Yes. So our gross-to-net as I mentioned before, our expectation for Q4 is somewhere around between 17% and 18%. Quarter-over-quarter we're going up a little bit of 15.8% in Q3, 14.4% that is driven by the pricing increase that we took in Q. So we expect that trend to stay around that. Now also you have to remember in Q1, we usually reflect a higher gross-to-net to copays on and so on. So we will come up with that at the end of the year.

Great. Thank you so much for the color. Really appreciate it.

Our next question comes from Paul Choi with Goldman Sachs. Please state your question.

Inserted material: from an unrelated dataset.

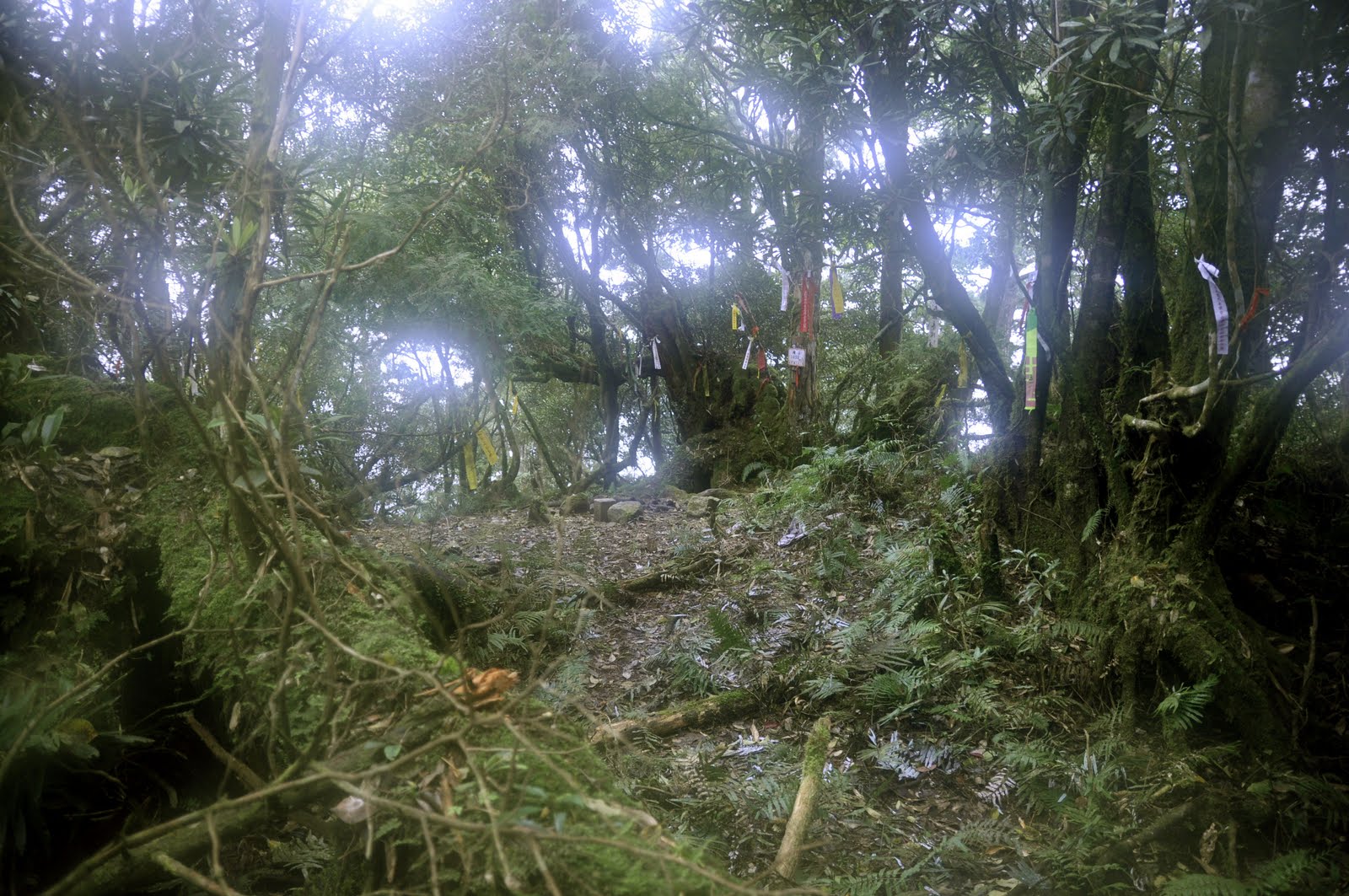 漸漸的蕨類開始減少,取而代之的是箭竹叢,不過不會密到造成穿越的困難,反而常常要抓著它們當成攀爬用的繩索。
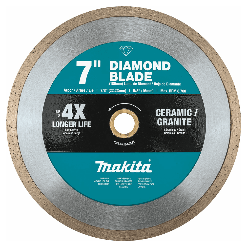 Optimum bond matrix provides a faster, longer lasting, and smoother cutting General purpose blade for use cutting tile, porcelain and stone Constant contact with material delivers a more precise and smoother finish than segmented blades High quality diamonds for longer life and faster cutting Up to 4X longer life than competitive blades Expertly balanced premium steel core for reduced vibration and noise Dry or wet cutting for added versatility For use with angle grinders or masonry saws Max RPM 8,700Specifications

Hi, this is [indiscernible] on for Paul. First, I was hoping you could talk a little bit more about how you think about the clinical bar in exon 18, non-small cell lung cancer and how you're going to approach that conversation with the FDA?

Yes, well, look, as you mentioned during the slide presentation, the only drug that is currently approved in lung cancer has the exon 18 mutations and its label is afatinib, which is zero drift. So, the data on that is pretty well published in terms of what it looks like. And again, we're focusing on the patients who've already been treated with an EGFR TKI. So in that population, the bar appears to be a 10.5% response rate. So we're right now at a 40% response rate, which is really encouraging obviously as we get more data we'll see where that goes. It could stay the same because they're down or could go up. We just have to wait and see. If we continue to maintain, the same type of effect where we're seeing a large magnitude of difference from afatinib in and response rate, we're continuing to see an encouraging duration of response in PFS. I would feel very comfortable having that conversation with the FDA.

Okay, great. That's helpful. And then I think you mentioned that axon 18 represents about 5% of the EGFR mutations, but to what extent is it identified and diagnosed in patients? Is that part of the normal screening process?

Yes. In lung cancer, we're very fortunate because everybody is getting screened. I recognize in some tumor types the screening rates are very low. In lung cancer, from what we have seen a 100% of these patients get screened. So all of the screens pick up the specific EGFR mutation. So they know if it's like exon 20 insertion, Del19 deletion, a T790M, an L-858 they know exactly what it is. So it's already picked up in the current screens that are out there for lung cancer.

Great. That's helpful. Thank you.

Ladies and gentlemen, that's the end of our question-and-answer session. I'll turn it back to management for closing remarks.

Thank you for your interested in Puma Biotechnology. As a reminder, this call may be accessed via replay of the webcast@pumabiotechnology.com beginning later today. Have a good evening.

This concludes today's conference. All parties may disconnect. Have a good day.